Now that we’ve gotten ourselves settled, we have to figure out where to have dinner…always a challenge between my son who eats from three food groups:  pizza, chicken tenders, or mac and cheese to my dad who maintains that any and all fast food will make him instantly sick to my daughter who is always a wild card.  This takes at least an hour to plan which will set us up to get back to the motel thirty minutes before the pool closes.  Forgetting that there is a pool at home, this generates a mad dash on the part of the seven year old to get changed and into that over chlorinated human stew for at least 20 minutes before she has to be dragged back to the room and showered before bed.

It's definitely not a waterpark...but...is that a hottub?

It’s definitely not a waterpark…but…is that a hottub?

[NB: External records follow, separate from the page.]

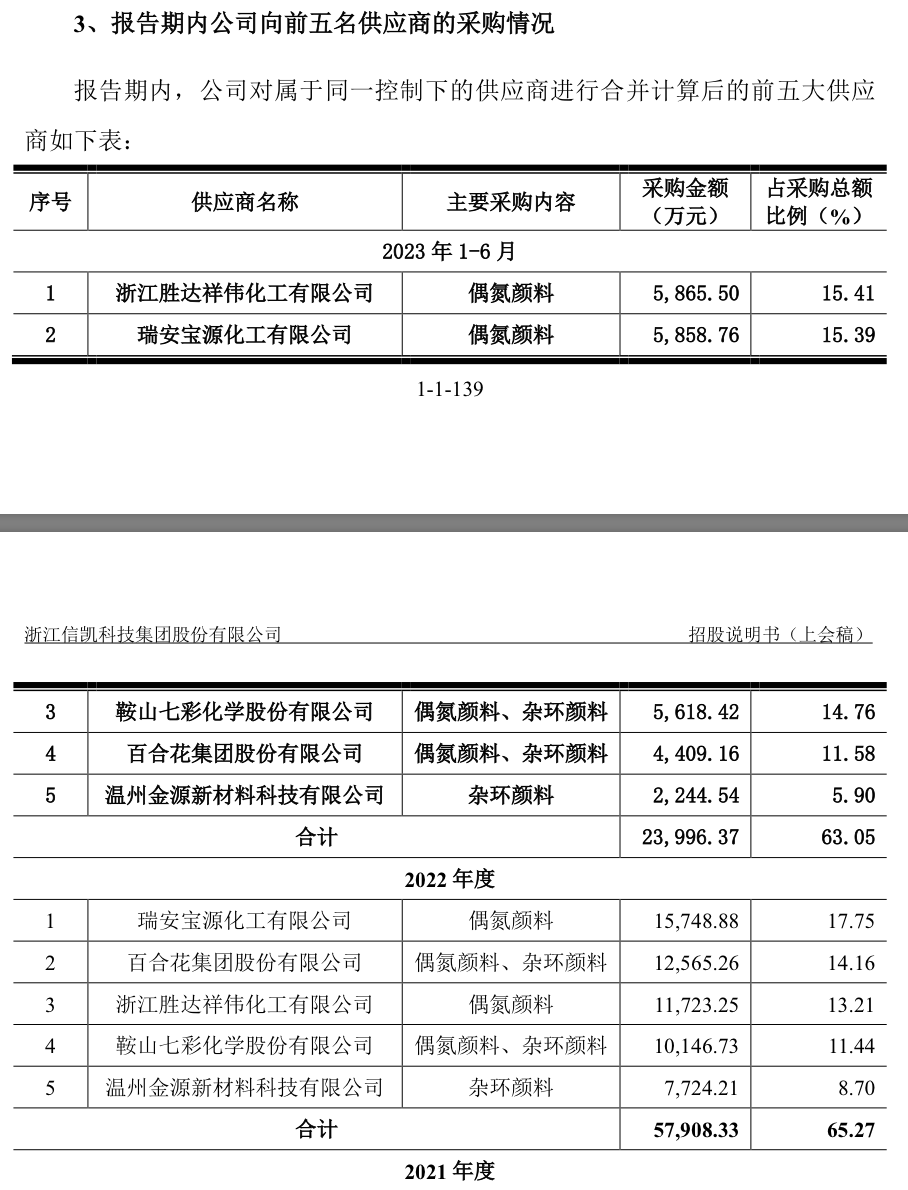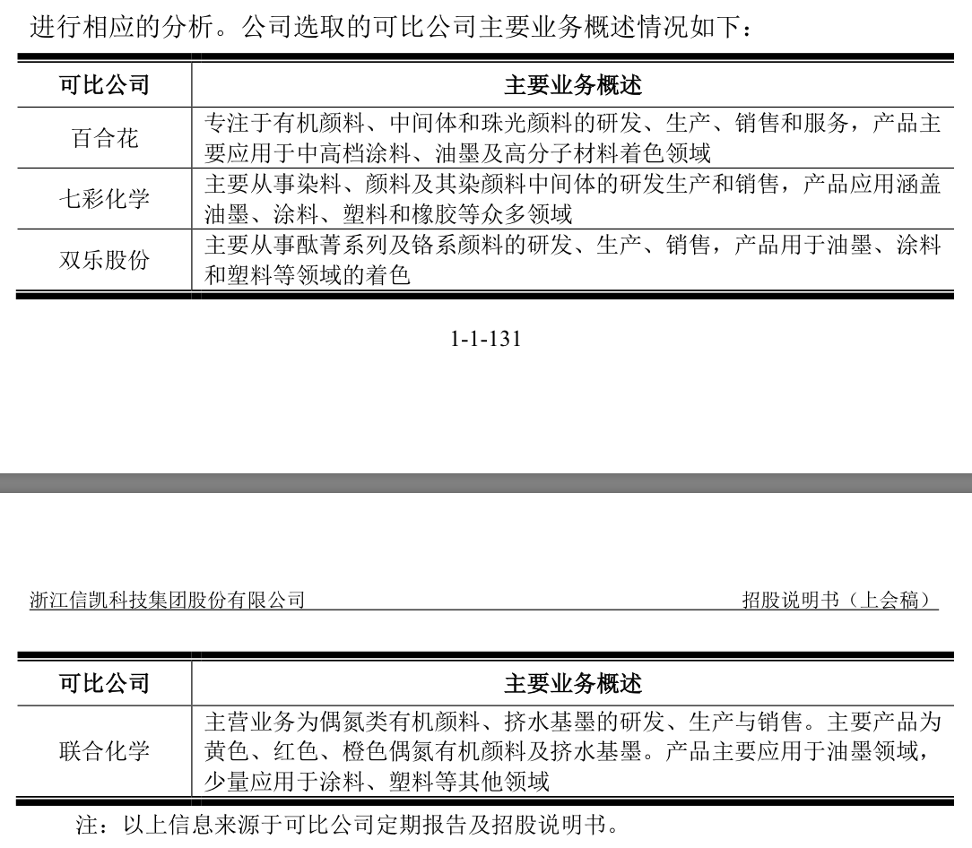 值得注意的是,信凯科技的前五供应商名单中,就有行业可比对手七彩化学、百合花。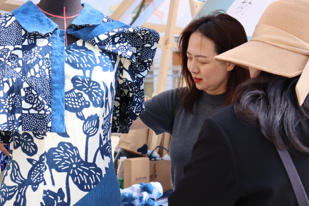 来自纺大染语团队的摊主表示,泱泱大国中华五千年璀璨文明,荆楚大地蕴含着我国最早的蓝染文化根脉基因。1987年在湖北出土的楚怀王墓中的竹简上发现了目前中国已知最早的汉字“蓝”,可以看出早在两千多年前的楚国宫廷就设立了“蓝尹工官”专门负责靛蓝染色,从而造就了绚丽多彩的楚国服饰文化。武汉纺织大学纺大染语团队历经十余年,深耕楚蓝文化研究,积极成果转化,长期深耕荆楚纺织非遗文化资源与文化产业方向研究,主要聚焦荆楚传统印染文创产品设计开发。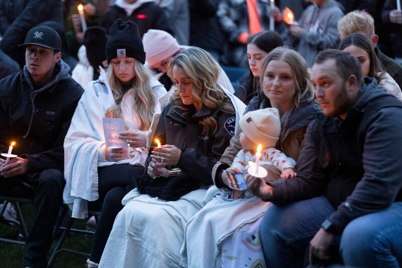 Emme McDowell, the daughter of a Santaquin police officer, sang "Amazing Grace," then everyone lit candles and honored Hooser with a moment of silence.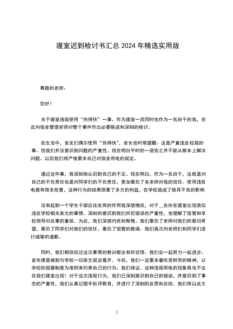 关于寝室违规使用“热得快”一事。作为寝室一员同时也作为一名班干的我,在此向宿舍管理老师对整个事件作出必要陈述和深刻的检讨。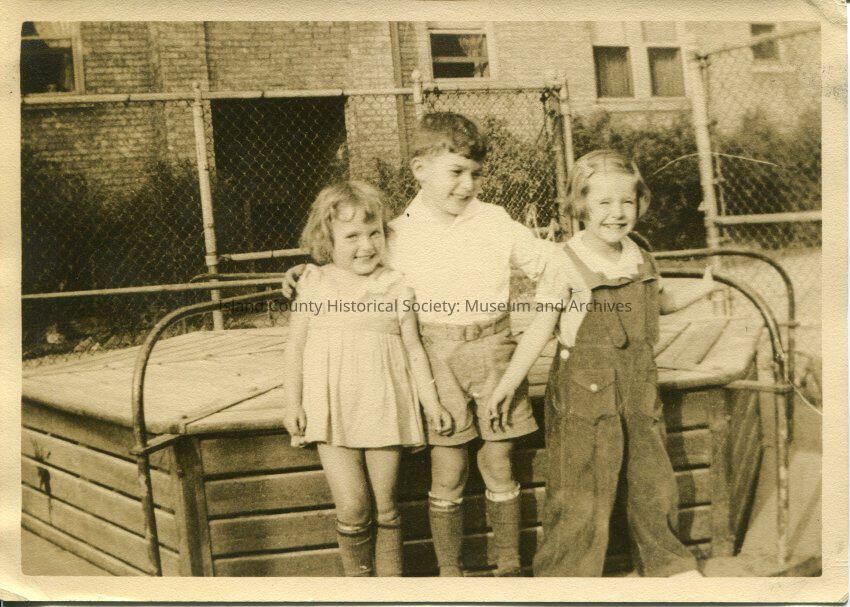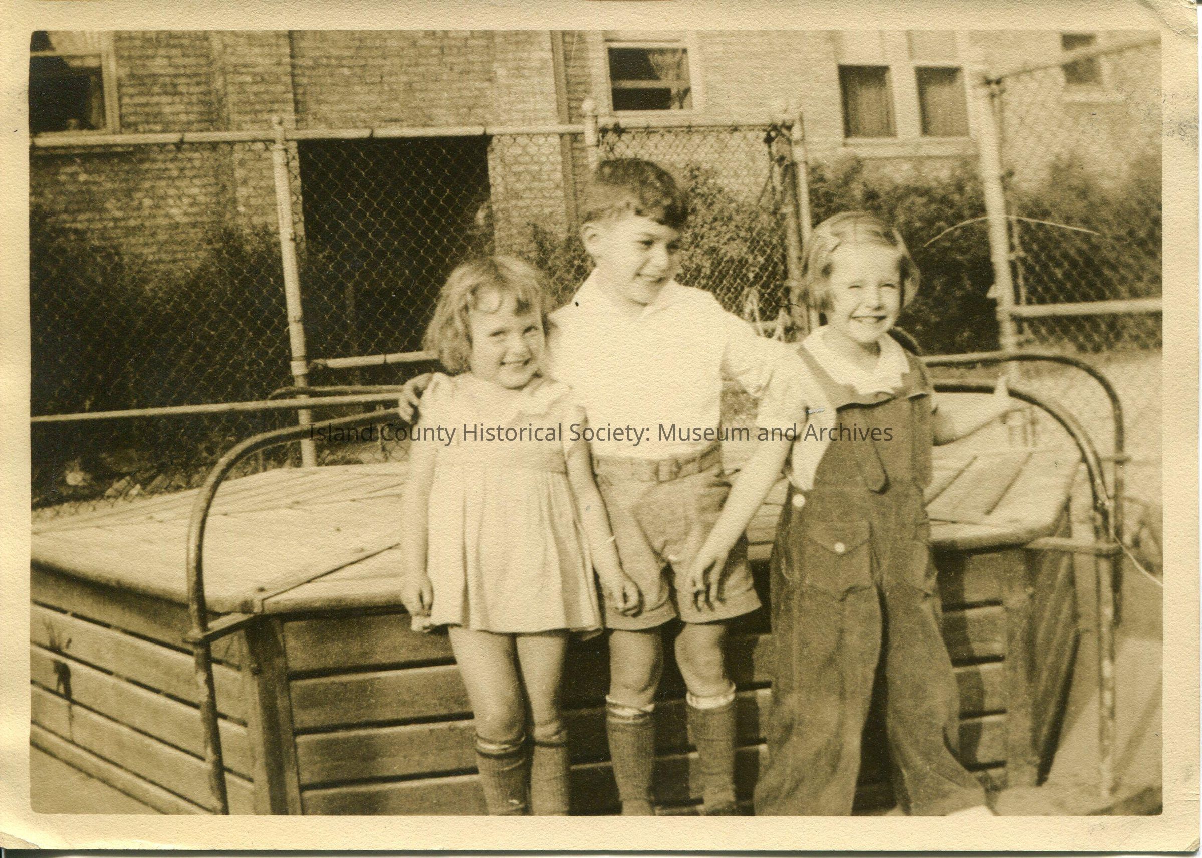 A black and white photo of a boy and two girls standing on a round-about or merry-go-round in a fenced area - possibly a playground - there is a brick building in the background. He is wearing a shirt and shorts. The girl on his left is wearing overalls and a shirt, and the other girl a short dress.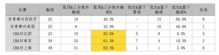 尤其是首轮对阵北控的比赛,杨瀚森在弧顶和三分线外拿到球的比例占82.6%,并且完全没有在篮下或低位区域拿到球(挡拆顺下不计入)。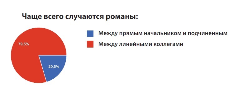 Итоги исследования показали, что служебные романы на работе, где мы проводим большую часть нашего времени, конечно, случаются – почти 80% опрошенных ответили, что были свидетелями таких романов. Особенно часто это происходит между линейными сотрудниками, когда не мешают статус и положение (79,5%).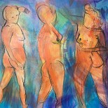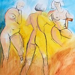 Een globale impressie van het schilderij "Middelandse zee" 150x150cm.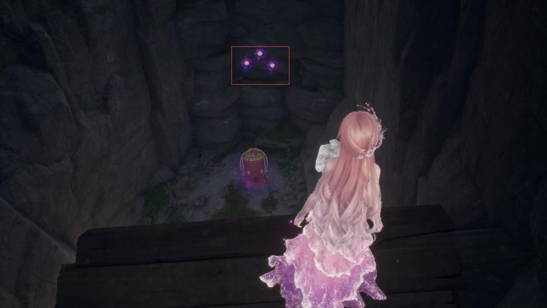 使用滑翔套装,到达此位置,有两颗灵感露珠。继续向下跳。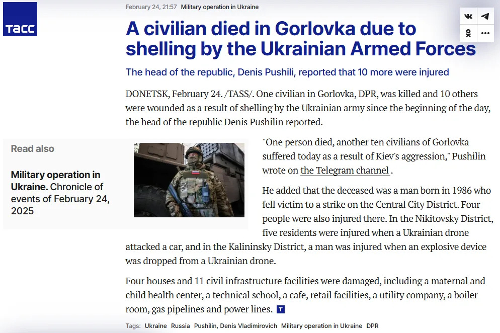 (Ίσως αναρωτιέστε πώς είναι δυνατόν, μετά από τρία χρόνια ειδικών στρατιωτικών επιχειρήσεων (SMO) για την «προστασία του λαού του Donbass», μια πόλη που βρίσκεται σε απόσταση μικρότερη των 60 χιλιομέτρων από το Donetsk να εξακολουθεί να βομβαρδίζεται από τον ουκρανικό στρατό. Και εσύ και εγώ, φίλε).

Bright and early…at stupid o’clock…the next morning, we’ll be underway again.  I imagine we’ll arrive at our destination sometime around midday.  Ahhh, time to relax and let vacation begin right?  Wrong!  We are on for group meal numero uno – fish fry.  Part of the reason we needed the car top carrier was to make room for the giant fryers and coolers we need to bring along to lay out this spread for fifty.  My dad will be like a whirling dervish within minutes of arrival…I predict he’ll have the car unloaded and be breading blue gills in less than 20 minutes – woe onto anyone who gets in his way, or offers advice.

Fish fry...where are the french fries?

Fish fry…where are the french fries?

Doesn’t this sound like fun?!  Actually, I really love these trips.  The small trials along the way are nothing compared to the laughs that we have together, the places we see and the people we meet along the way.  Happy travels Armitageworld!